Wendell Diller reminds me of why I began writing about audio 44 years ago. Diller, the marketing manager for Magnepan speakers, exudes the now rare passion, enthusiasm and expertise, once common in the speaker business. Diller, although eligible for social security, continues touring the country preaching the gospel of Magnepan.

Magnepan, manufactured in Minnesota, makes a unique speaker that uses a thin film to move air to create sound. To do this properly, especially in the bass region, requires a very large panel. Its dipole design radiates sound from the front and rear, enhancing a realistic ambience. While Magnepan designed a few smaller models for home theater use, knowing the user could hide a separate subwoofer, most of its models make a statement in sound and substance. They stand six feet tall and half as wide, albeit only a few inches deep. Thus, the member of the family who may not be an audio fanatic might find these otherwise innocuous speakers intrusive.

Few would deny Magnepan speakers’ amazing sound quality. This thin film flat panel technology enables awesomely accurate reproduction. It delivers a naturalness and depth only replicated by more expensive and usually even larger competition. Magnepan speakers sparkle in transient response, the ability to reproduce exceedingly brief bursts of sound. An orchestral triangle, the finger tip on the violin pizzicato, the initial touch of the stick on the drum head, all often lost in the mush of lesser speakers come through with a clean distinct realism.

Magnepan discovered that many of its fans were downsizing to apartments from spacious houses. With space now at a premium, setting up Magnepans in this reduced space caused some serious conversations between couples, not to mention new converts that never enjoyed the luxury of space.

Recently, Geoff Poor, the audiophile who runs Glen Poor’s Audio Video, invited me to his store in the Old Farms Shops to hear Magnepan’s proposed solution to this problem. As usual, Diller exhibited well-founded musical rapture as he played several demo recordings. Since Magnepan’s most famous speakers are labeled 30.7, he dubbed these experimental models “30.7 for Condos.” Not only do the 30.7 Condos use innovative variations of Magnepan’s signature dipole flat panel technology, but also sophisticated electronic digital signal processing (DSP). This combination results in a speaker about a quarter of the size of the full-size Magnepans with much of the same sound quality. I marveled how they retained the depth of the orchestral stage, yet did not demand the majority of the showroom floor.

To avoid misunderstanding, the 30.7 Condos will never be considered miniature or even “compact” speakers. I doubt you’ll install them in the bedroom. But when compared with full-size Magnepans or the competition, they economize on space rather than sound. The best analogy would be buying a Prius with Tesla-like performance.

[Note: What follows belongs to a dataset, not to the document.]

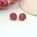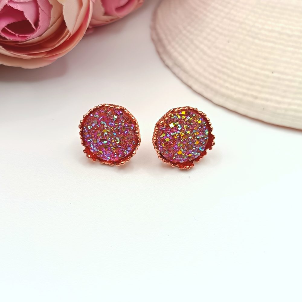 Rózsaarany bedugós fülbevaló – csillogó rózsaszín lencsével
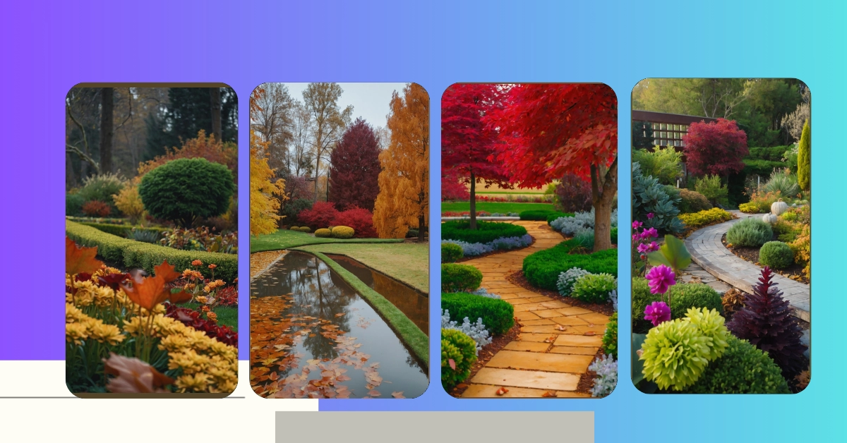 Looking around, you see more fall colors – like the yellow bushes and the green hedges. The garden is a kaleidoscope of vibrant hues, making you realize that even though summer is gone, there’s still so much beauty to be found in nature. It’s like nature is saying, “Hey, don’t be sad about summer being over, let’s enjoy these awesome autumn colors!”

Poor also showed me a pair of very small Tannoy speakers that wowed me, but that’s a different column. They would sound great in any room in the house.

Diller offered no price on the 30.7 Condos, since they were experimental. Demand and manufacturing efficiencies would influence the cost. Because Magnepan doesn’t mass manufacture or mass market, it sells through a very limited number of dealers, of which Poor is the only one in Illinois.

We received several reader emails concerning our last column about Mediacom and area fiber broadband providers. We’ll share those in two weeks, but let’s just say that Mediacom lacks a local fan club. We’ll also make some suggestions for rural broadband for those still relying on two tin cans and a string.

Mediacom phoned me with an apology after the last column ran. Its representative admitted the company improperly handled the situation. Meanwhile, Mediacom gave me $7.72 credit for 51 hours of outage, which did not begin to cover the time I spent on the phone with them and the inconvenience.